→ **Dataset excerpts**
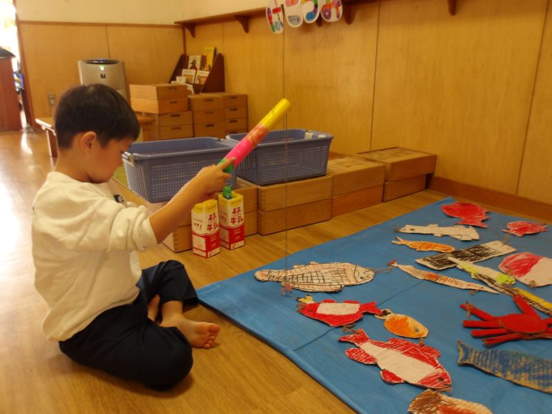 - くせまつりの準備が整ってきています。看板の文字を塗ったり、自分たちで遊びながらお客さんが交代をするタイミングや遊び方を相談しています。「くせまつり明日やんな?」と言いながら楽しみにしている子どもたちです。
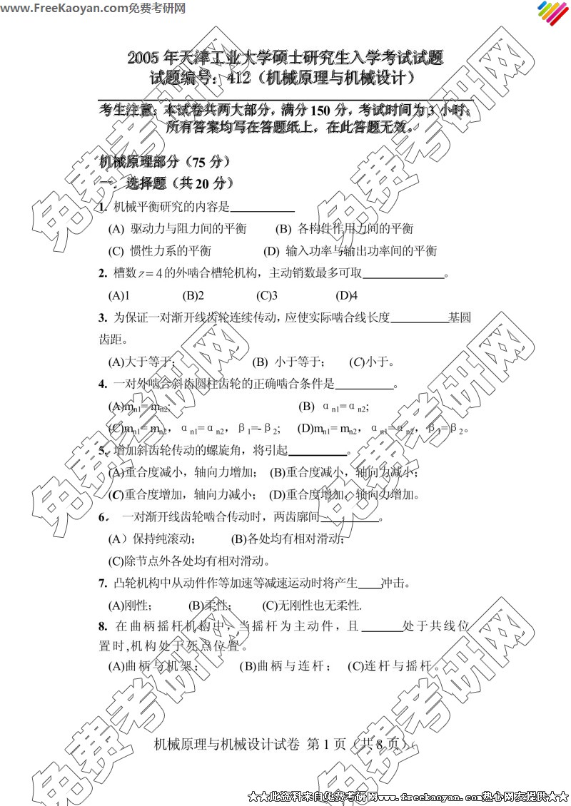 天津工业大学2005年半岛在线注册真题-机械原理与机械设计
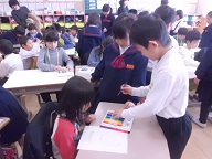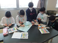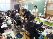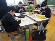 1月11日(木)に、4年生は、総合的な学習の時間の「福祉」の学習の一環として、地域の絵手紙サークル「虹」の皆さんから教えていただきながら絵手紙に挑戦しました。それぞれが一生懸命描いたハガキは、後日地域のお年寄りの方にお渡しする予定です。
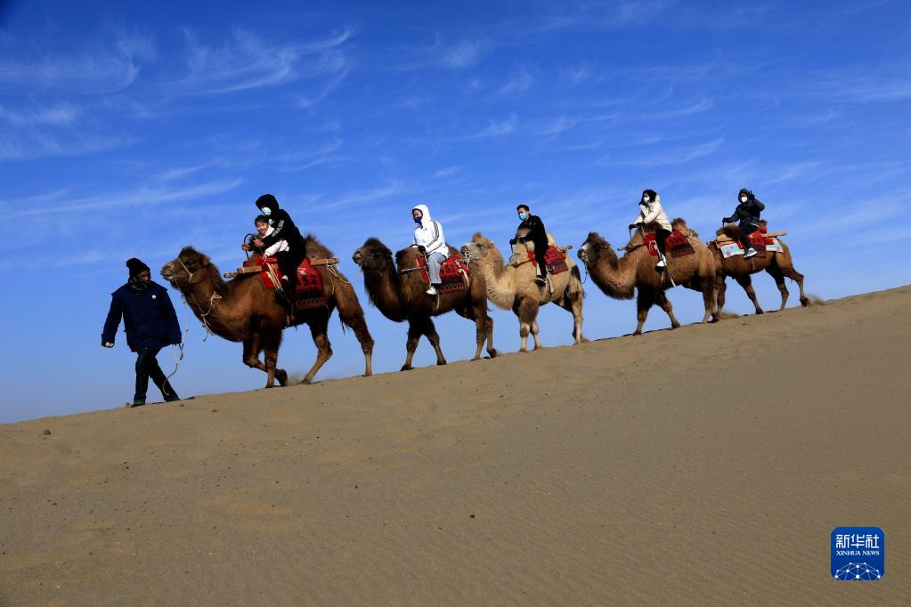 1月27日,游客在甘肅省敦煌市鳴沙山月牙泉景區騎駱駝游覽。
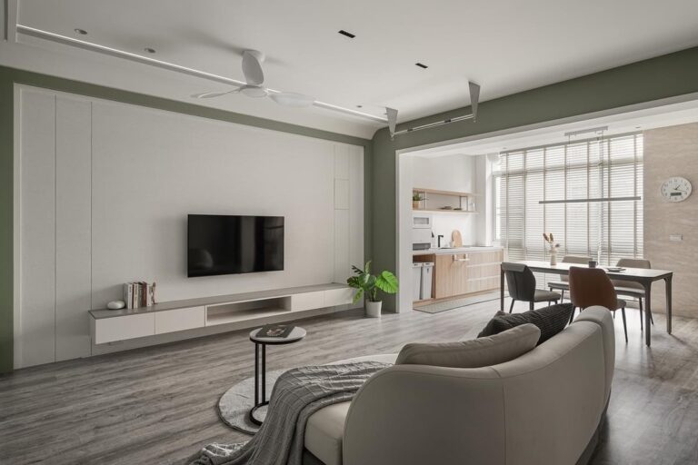 ▲開放式客餐廚以淺色水平百葉簾統一立面,…
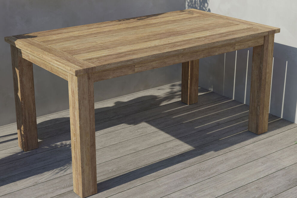 Diese Old-Teak-Gartenmöbel werden aus recycelten Teakhölzern hergestellt.
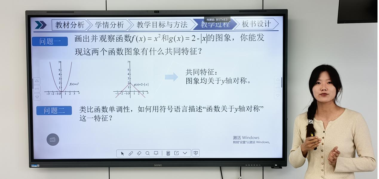 郭淇老师说课内容为函数的奇偶性,从教材、学情、目标、重难点、教法学法、教学过程六个方面展开,重点分析了教学过程。首先让学生画出并观察两函数图象,并总结出共同特征:图象均关于y轴对称;随后引导学生类比单调性,用符号语言描述“图象均关于y轴对称”。在生成概念时让学生经历从特殊到一般的过程,得到猜想并证明,借助geogebra软件让学生观察在点移动过程中,始终保持该点及其对称点的横坐标互为相反数,纵坐标不变,从形的角度说明猜想的正确性,并从数的角度带领学生证明猜想。从而生成偶函数的概念,带领学生辨析关键词,感受奇偶性的整体性意义。随后通过典例,利用定义证明函数的奇偶性,并归纳出一般方法。最后进行课堂小结,分层布置作业,使全体学生能够掌握基础知识,使学有余力的学生进一步得到拓展、拔高。
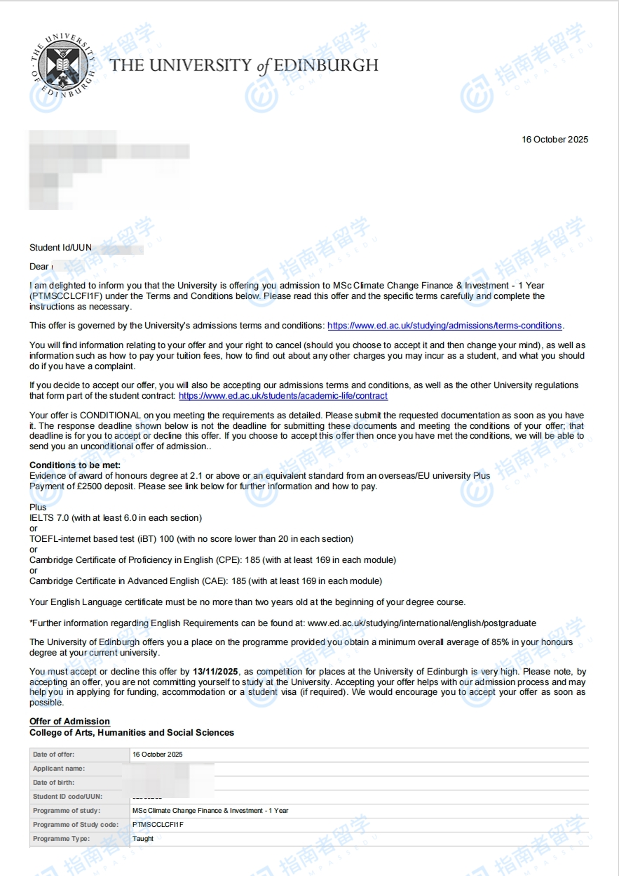 愛丁堡大學氣候變化金融與投資理學碩士研究生offer一枚
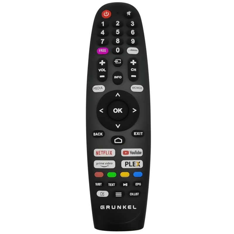 El Grunkel QLED-5526WBS es un Smart TV de 55 pulgadas con tecnología de panel QLED que ofrece resolución Ultra HD 4K. Este modelo destaca por su sistema operativo webOS, el mismo que utiliza LG, que garantiza el acceso a las principales plataformas de streaming como Netflix, Disney+ y Prime Video.

→ **What to do**
Give back each of the records above word for word, apart from the pictures.

→ **Task answer**
 - くせまつりの準備が整ってきています。看板の文字を塗ったり、自分たちで遊びながらお客さんが交代をするタイミングや遊び方を相談しています。「くせまつり明日やんな?」と言いながら楽しみにしている子どもたちです。
 天津工业大学2005年半岛在线注册真题-机械原理与机械设计
 1月11日(木)に、4年生は、総合的な学習の時間の「福祉」の学習の一環として、地域の絵手紙サークル「虹」の皆さんから教えていただきながら絵手紙に挑戦しました。それぞれが一生懸命描いたハガキは、後日地域のお年寄りの方にお渡しする予定です。
 1月27日,游客在甘肅省敦煌市鳴沙山月牙泉景區騎駱駝游覽。
 ▲開放式客餐廚以淺色水平百葉簾統一立面,…
 Diese Old-Teak-Gartenmöbel werden aus recycelten Teakhölzern hergestellt.
 郭淇老师说课内容为函数的奇偶性,从教材、学情、目标、重难点、教法学法、教学过程六个方面展开,重点分析了教学过程。首先让学生画出并观察两函数图象,并总结出共同特征:图象均关于y轴对称;随后引导学生类比单调性,用符号语言描述“图象均关于y轴对称”。在生成概念时让学生经历从特殊到一般的过程,得到猜想并证明,借助geogebra软件让学生观察在点移动过程中,始终保持该点及其对称点的横坐标互为相反数,纵坐标不变,从形的角度说明猜想的正确性,并从数的角度带领学生证明猜想。从而生成偶函数的概念,带领学生辨析关键词,感受奇偶性的整体性意义。随后通过典例,利用定义证明函数的奇偶性,并归纳出一般方法。最后进行课堂小结,分层布置作业,使全体学生能够掌握基础知识,使学有余力的学生进一步得到拓展、拔高。
 愛丁堡大學氣候變化金融與投資理學碩士研究生offer一枚
 El Grunkel QLED-5526WBS es un Smart TV de 55 pulgadas con tecnología de panel QLED que ofrece resolución Ultra HD 4K. Este modelo destaca por su sistema operativo webOS, el mismo que utiliza LG, que garantiza el acceso a las principales plataformas de streaming como Netflix, Disney+ y Prime Video.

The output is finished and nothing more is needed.